- **ABOUT THIS TASK**
Print, from the listing below, the lines starting at the line containing "圖為邯森等4名巴基斯坦留學(xué)生在" and ending at the line containing "I love the score", exactly as they stand, and print nothing else.

═══ RECORDED DATA ═══

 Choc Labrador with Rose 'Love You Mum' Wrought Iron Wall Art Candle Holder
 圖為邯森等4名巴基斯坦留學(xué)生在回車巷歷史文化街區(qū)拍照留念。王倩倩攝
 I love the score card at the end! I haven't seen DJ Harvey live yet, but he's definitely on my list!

═══
═══ RECORDED DATA ═══

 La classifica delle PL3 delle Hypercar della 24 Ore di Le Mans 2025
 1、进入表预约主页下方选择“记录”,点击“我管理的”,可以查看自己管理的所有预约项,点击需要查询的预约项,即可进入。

═══
═══ RECORDED DATA ═══

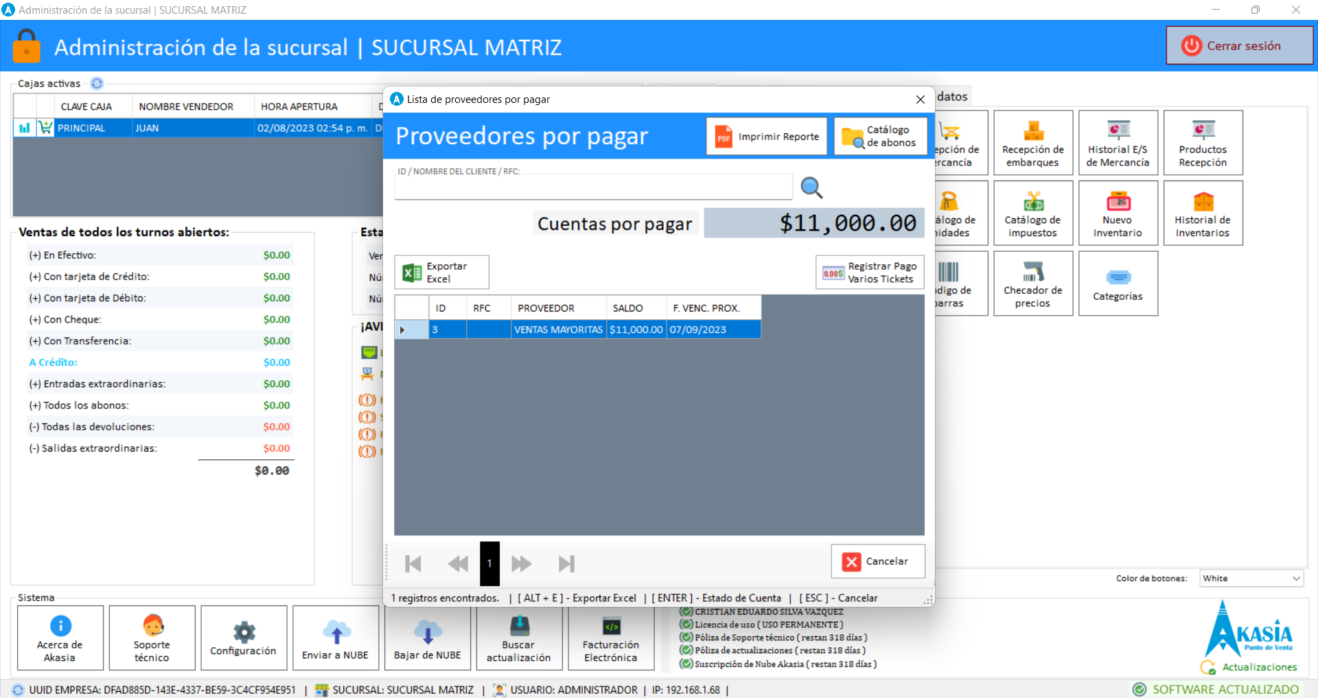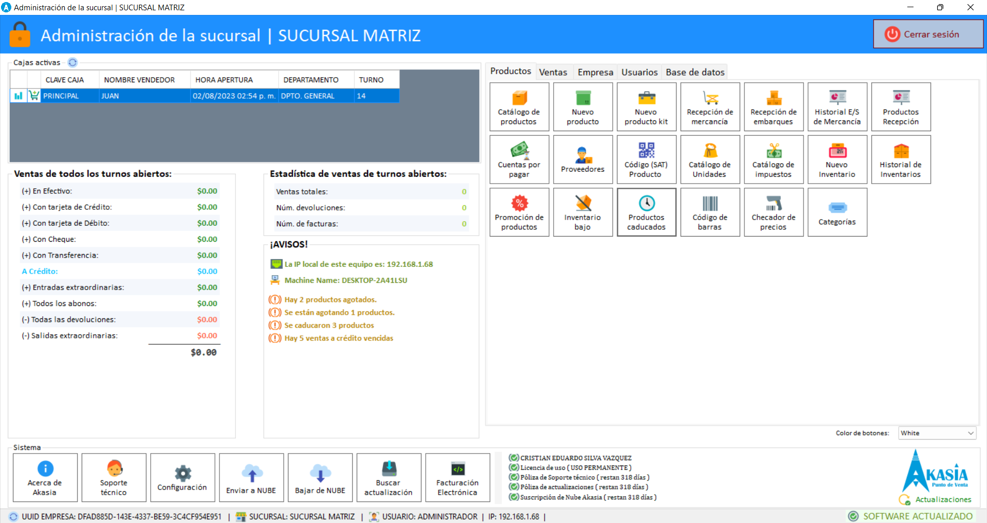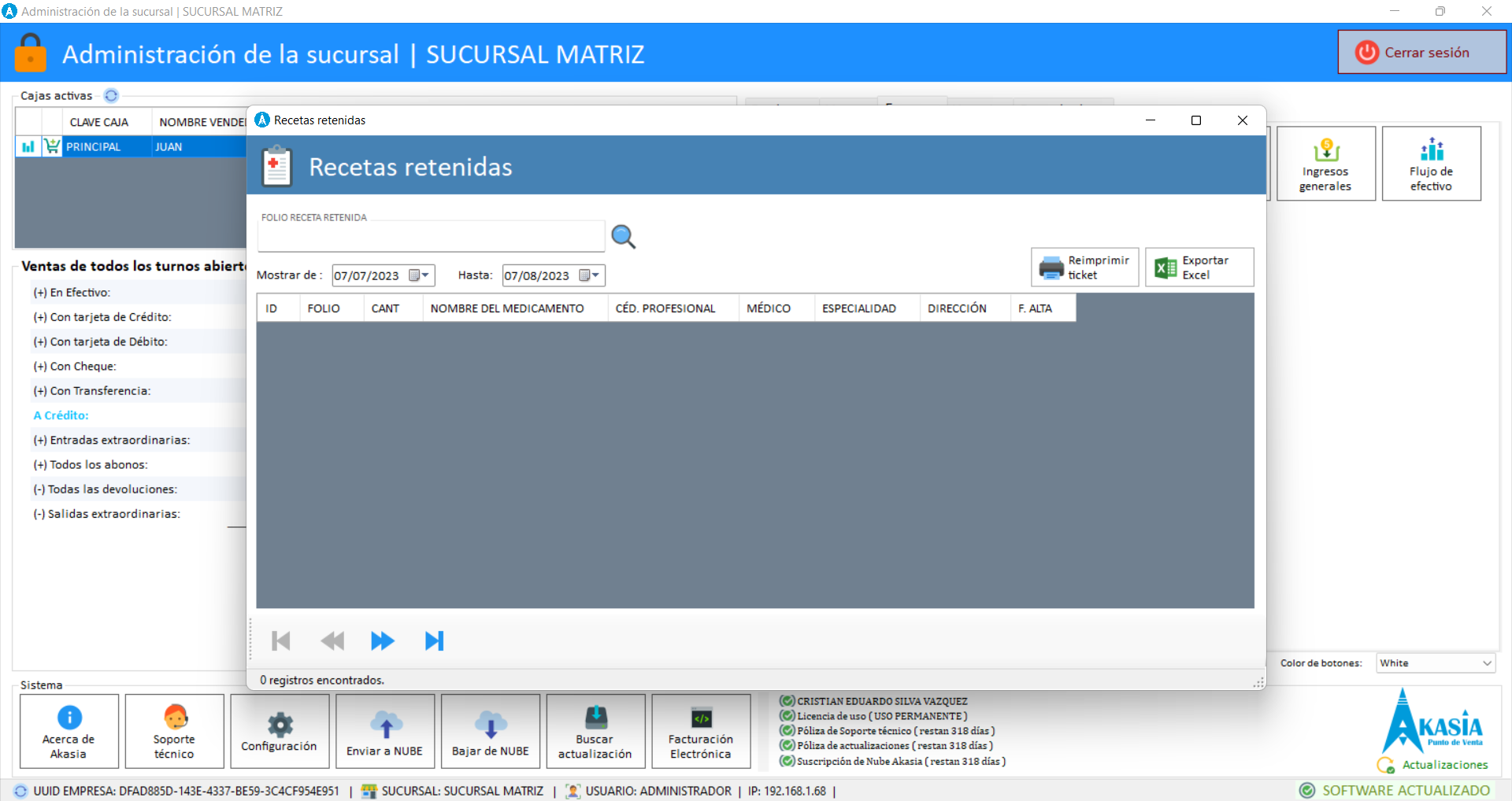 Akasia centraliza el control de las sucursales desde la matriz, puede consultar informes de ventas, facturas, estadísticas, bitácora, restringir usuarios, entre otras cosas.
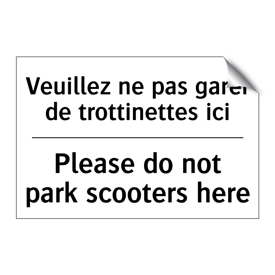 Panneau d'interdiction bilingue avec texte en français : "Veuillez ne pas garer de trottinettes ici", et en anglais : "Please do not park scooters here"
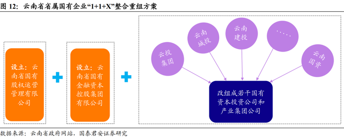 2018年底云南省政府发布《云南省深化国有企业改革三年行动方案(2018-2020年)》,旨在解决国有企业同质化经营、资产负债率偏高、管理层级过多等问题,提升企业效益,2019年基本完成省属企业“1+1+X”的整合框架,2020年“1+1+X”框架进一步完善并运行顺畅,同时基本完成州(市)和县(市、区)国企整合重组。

═══

- **ANSWER TO THE EXERCISE**
 圖為邯森等4名巴基斯坦留學(xué)生在回車巷歷史文化街區(qū)拍照留念。王倩倩攝
 I love the score card at the end! I haven't seen DJ Harvey live yet, but he's definitely on my list!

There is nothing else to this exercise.